Backing up data and data duplication are critical in industries dependent on data storage and data duplication. Current methods used to duplicate data involve copying data from a source disk to a destination disk through a storage topology. Transferring data through a storage topology to a host and back through the storage topology may consume a significant portion of the available bandwidth for a host bus adapter's (HBA) storage topology. In addition, as disk capacities have increased to hold multiple terabytes of data, or even larger capacities, the time for duplicating disk data can take hours or days for a single set of disks, let alone for multiple sets.
Current topologies may include multiple expanders (e.g., dozens of expanders) and multiple disk drives (e.g., hundreds of disk drives). In such large topologies the overhead required to communicate with end devices can become significant—consuming bandwidth when acquiring the source disk data, only to return the same data back down a nearly identical path to a destination disk connected to the same expander. In the case of disk duplication, the data is never modified just moved. Since SAS is a point-to-point protocol, a data connection must be established for each data transfer. At each SAS expander level in the topology, there is an opportunity for a particular SAS expander to reject the open connection, which delays the I/O. In addition, heavy bandwidth usage by other disks in the topology will further reduce the overall performance of the duplication.
Currently, a storage topology generally consists at least of: (1) a host system, (2) one or more disks where the source data is contained, (3) any intermediary devices (e.g., one or more levels of SAS expanders) in the storage fabric, and (4) one or more destination disks. Currently, in a typical data duplication process the host must: initiate read I/Os from one or more source disks; transfer the data to some intermediate storage location (such as some memory); and then issue write I/Os to the destination disk. Throughout this process, the host must also handle any associated I/O errors or problems that occur throughout the topology. This current process of data duplication consumes a substantial associated bandwidth of a storage topology and results in a significant performance decrease of the host system that can endure for extended periods of time.
Therefore, it may be desirable to provide a method and apparatus which address the above-referenced problems associated with the data duplication process.
Accordingly, a method is included for transfer of data from at least one source disk to at least one destination disk of a storage topology, the storage topology comprising a plurality of storage-topology-connected devices including at least one data-duplicating expander, the at least one source disk, and the at least one destination disk. This method may include receiving an instruction, instructions, trigger, or triggers from at least one initiator storage-topology-connected device to configure or start at least one data transfer. The method may also include transmitting instructions to the at least one source disk to reduce the accessibility of the at least one source disk and transmitting instructions to the at least one destination disk to reduce the accessibility of the at least one destination disk. This method may further include receiving source data from the at least one source disk by utilizing at least a first dedicated expander phy. Additionally, this method may include transferring destination data directly to the at least one destination disk by utilizing at least a second dedicated expander phy, said destination data associated with the source data, wherein directly transferring destination data bypasses transfer of the source data or the destination data to or from a host system.

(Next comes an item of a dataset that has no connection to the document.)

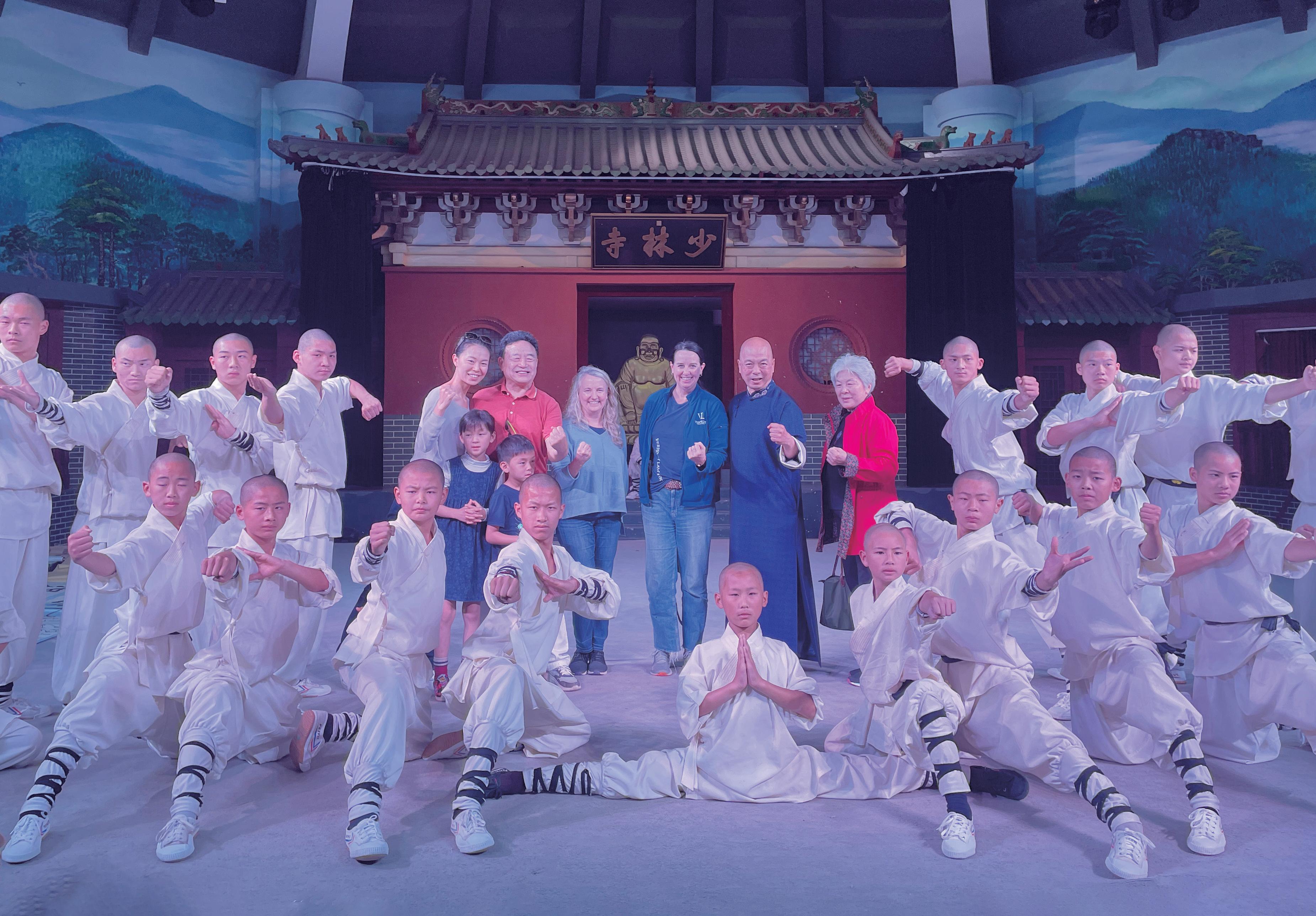 少林文化 人类遗产——张国臣、张小羽和美国佛蒙特法学院院长贝丝·麦科马克(后排右六)、副院长凯蒂·梅里尔(后排右七)考察少林武术文化(2023年10月29日)

Also included is a data-duplicating expander device attachable to a storage topology, the storage topology including at least one source disk and at least one destination disk. The device may include an expander configured to directly attach to the storage topology. The data-duplicating expander device may comprise a plurality of dedicated expander phys associated with the expander for attaching the expander to the storage topology. The data-duplicating expander device may include and be associated with at least one processor configured to process instructions or triggers. The device may be configured to receive an instruction, instructions, trigger, or triggers from at least one initiator storage-topology-connected device to configure or start at least one data transfer. The data-duplicating expander device may further be configured to transmit instructions to the at least one source disk and to the at least one destination disk. The device may also be configured to receive source data of the at least one source disk by utilizing at least a first dedicated expander phy. Additionally, the data-duplicating expander device may be configured to transfer destination data directly to the at least one destination disk by utilizing at least a second dedicated expander phy, said destination data associated with the source data, wherein directly transferring destination data bypasses transfer of the source data or the destination data to or from a host system.

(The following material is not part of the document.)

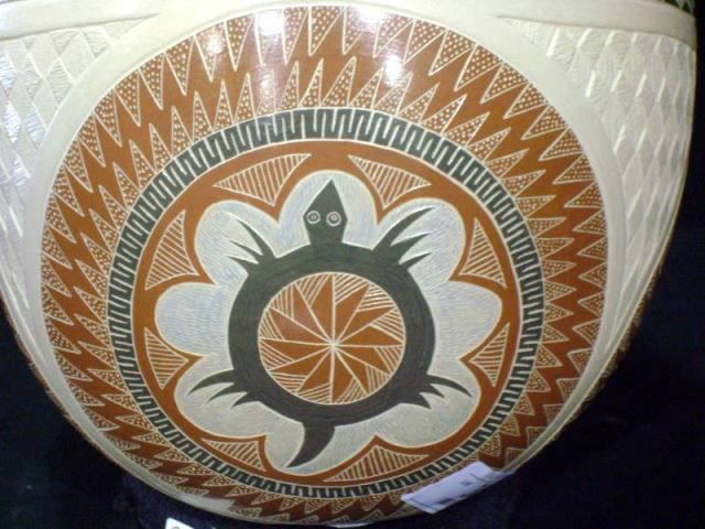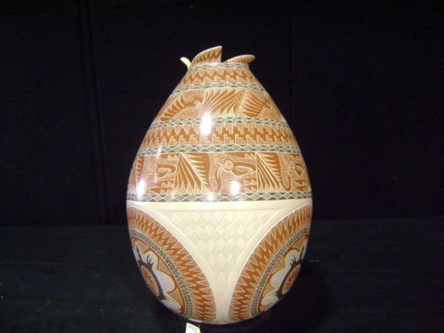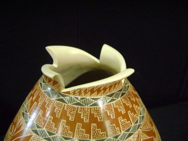 Carved Sgrafitto Mata Ortiz Pot, Mexico by Eleuterio Pina 13"x9", 2 1/2" Retail: $2,900.00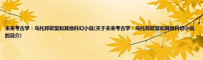 本文关于未来考古学:乌托邦欲望和其他科幻小说的简介就讲解完毕,希望对大家有所帮助。

Further included is a data-duplicating expander device. The device may include an SAS expander configured for direct duplication of data from a plurality of source disks to a plurality of destination disks. The device may be directly attached to a storage topology. The data-duplicating expander device may further comprise a plurality of dedicated expander phys and at least one processor configured to process instructions, commands, requests, or triggers. The device may be configured to receive an instruction, instructions, trigger, or triggers from at least one initiator storage-topology-connected device to configure or start at least one data transfer. The data-duplicating expander device may also be configured to transmit instructions to the plurality of source disks and the plurality of destination disks to reduce the accessibility of the plurality of source disks and the plurality of destination disks or to take the plurality of source disks and the plurality of destination disks offline. The data-duplicating expander device may further be configured to receive source data simultaneously from the plurality of source disks by utilizing at least two of the plurality of dedicated expander phys. The device may additionally be configured to transfer destination data directly and simultaneously to the plurality of destination disks by utilizing at least two of the plurality of dedicated expander phys, said destination data associated with the source data, wherein directly transferring destination data bypasses transfer of the source data or the destination data to or from a host system. The data-duplicating expander device may still further be configured to dynamically receive commands or requests from a host application and to extract status reports.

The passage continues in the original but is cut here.